■ Required work ■
Repeat the records below exactly from the line containing "Colore principale: bianco, sia" to the line containing "Вид с воздуха", taking in both of those lines. Drop the pictures.

■ Information given ■
---------------
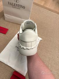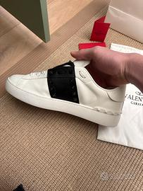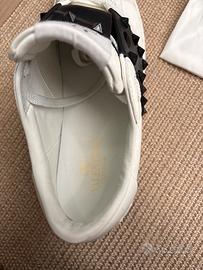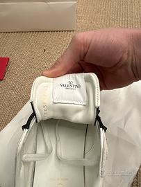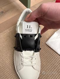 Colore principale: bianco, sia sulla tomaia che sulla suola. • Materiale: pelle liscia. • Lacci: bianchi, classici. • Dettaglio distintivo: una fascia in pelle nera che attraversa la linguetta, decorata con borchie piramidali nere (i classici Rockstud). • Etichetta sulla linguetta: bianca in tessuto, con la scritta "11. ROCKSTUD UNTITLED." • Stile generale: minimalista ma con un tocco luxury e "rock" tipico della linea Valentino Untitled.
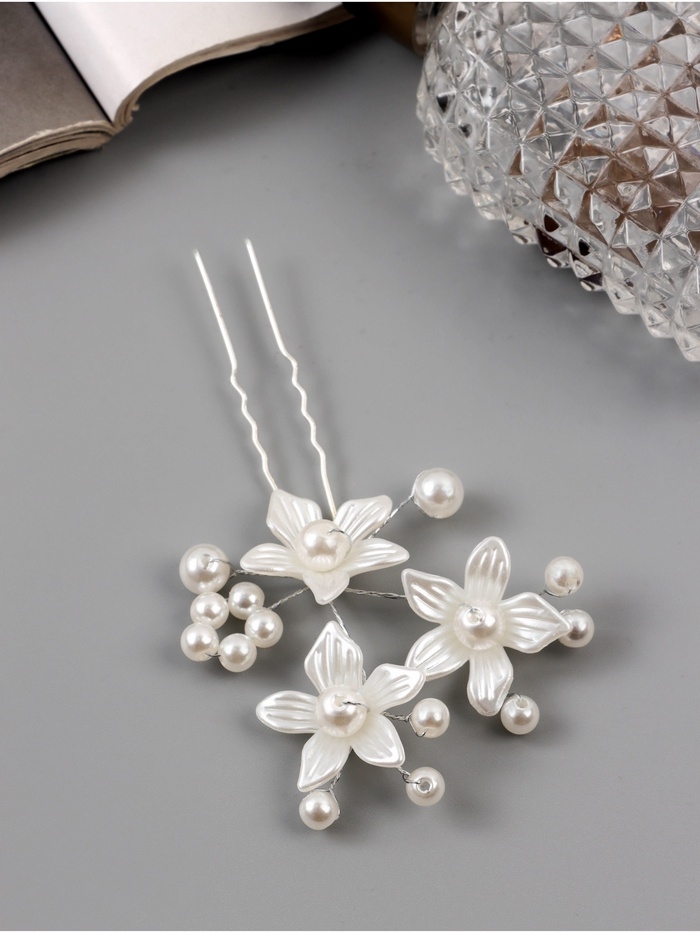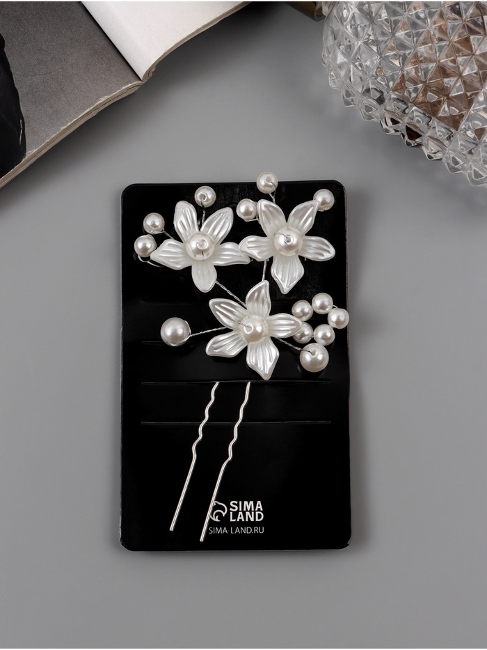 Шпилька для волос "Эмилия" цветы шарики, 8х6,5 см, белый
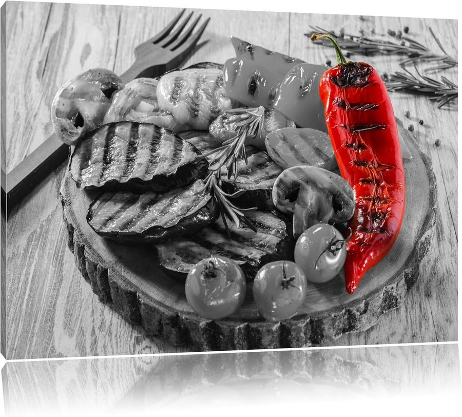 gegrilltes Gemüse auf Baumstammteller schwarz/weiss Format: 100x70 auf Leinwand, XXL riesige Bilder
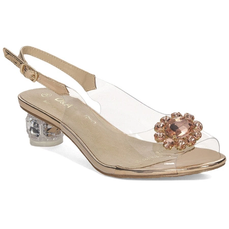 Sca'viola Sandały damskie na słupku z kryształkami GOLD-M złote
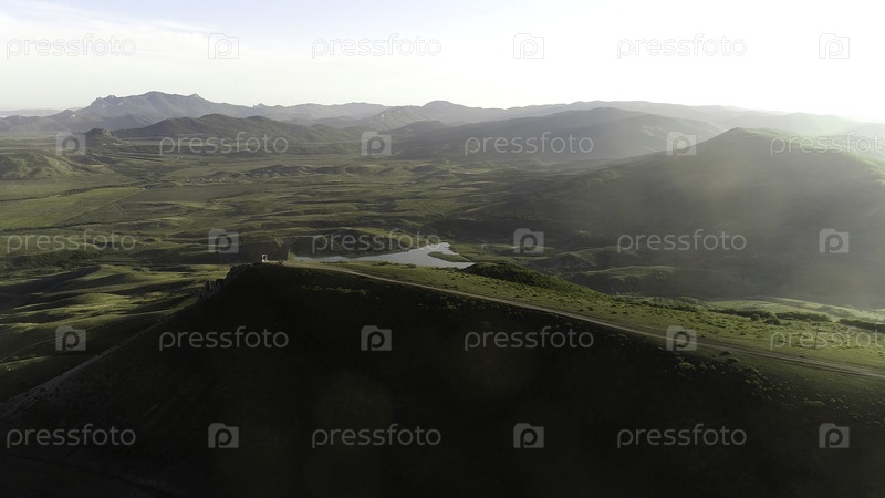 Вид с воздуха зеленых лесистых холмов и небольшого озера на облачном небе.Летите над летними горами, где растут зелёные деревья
---------------
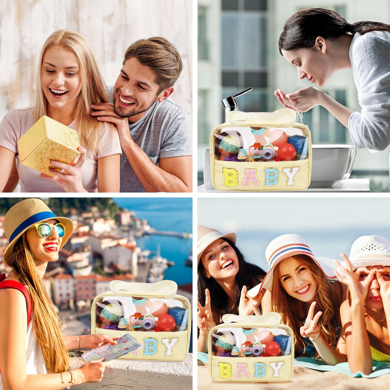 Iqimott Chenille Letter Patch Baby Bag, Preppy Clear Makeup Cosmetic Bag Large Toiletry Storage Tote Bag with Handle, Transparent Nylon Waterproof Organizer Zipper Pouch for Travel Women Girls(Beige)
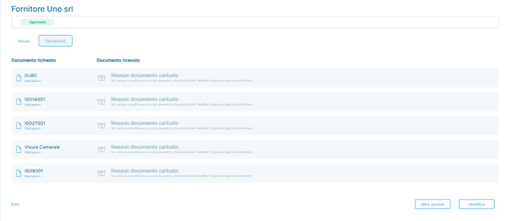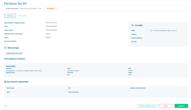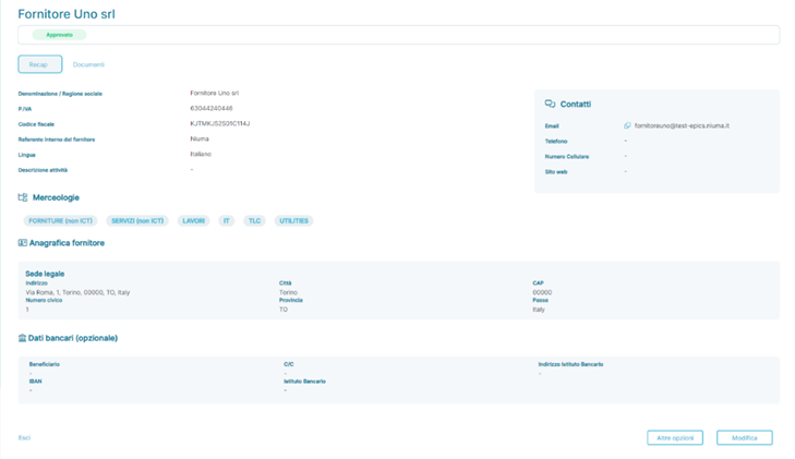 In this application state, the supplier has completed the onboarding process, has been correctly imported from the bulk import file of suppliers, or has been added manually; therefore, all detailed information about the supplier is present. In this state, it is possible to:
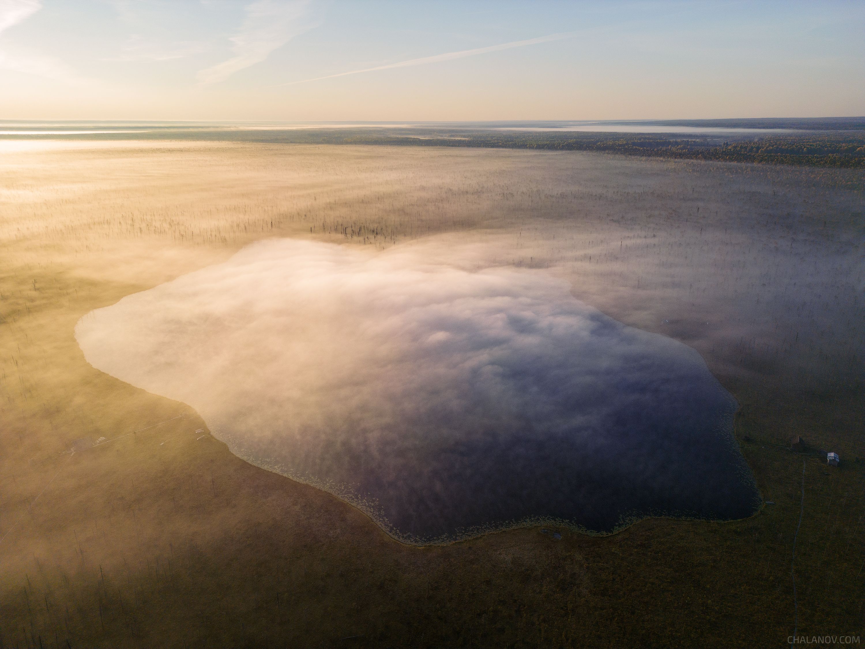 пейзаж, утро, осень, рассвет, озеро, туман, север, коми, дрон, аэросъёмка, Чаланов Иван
---------------
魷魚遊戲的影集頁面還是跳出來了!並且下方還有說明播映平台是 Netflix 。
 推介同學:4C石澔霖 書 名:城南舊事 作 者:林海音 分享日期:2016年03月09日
---------------
■ Response area ■
 Colore principale: bianco, sia sulla tomaia che sulla suola. • Materiale: pelle liscia. • Lacci: bianchi, classici. • Dettaglio distintivo: una fascia in pelle nera che attraversa la linguetta, decorata con borchie piramidali nere (i classici Rockstud). • Etichetta sulla linguetta: bianca in tessuto, con la scritta "11. ROCKSTUD UNTITLED." • Stile generale: minimalista ma con un tocco luxury e "rock" tipico della linea Valentino Untitled.
 Шпилька для волос "Эмилия" цветы шарики, 8х6,5 см, белый
 gegrilltes Gemüse auf Baumstammteller schwarz/weiss Format: 100x70 auf Leinwand, XXL riesige Bilder
 Sca'viola Sandały damskie na słupku z kryształkami GOLD-M złote
 Вид с воздуха зеленых лесистых холмов и небольшого озера на облачном небе.Летите над летними горами, где растут зелёные деревья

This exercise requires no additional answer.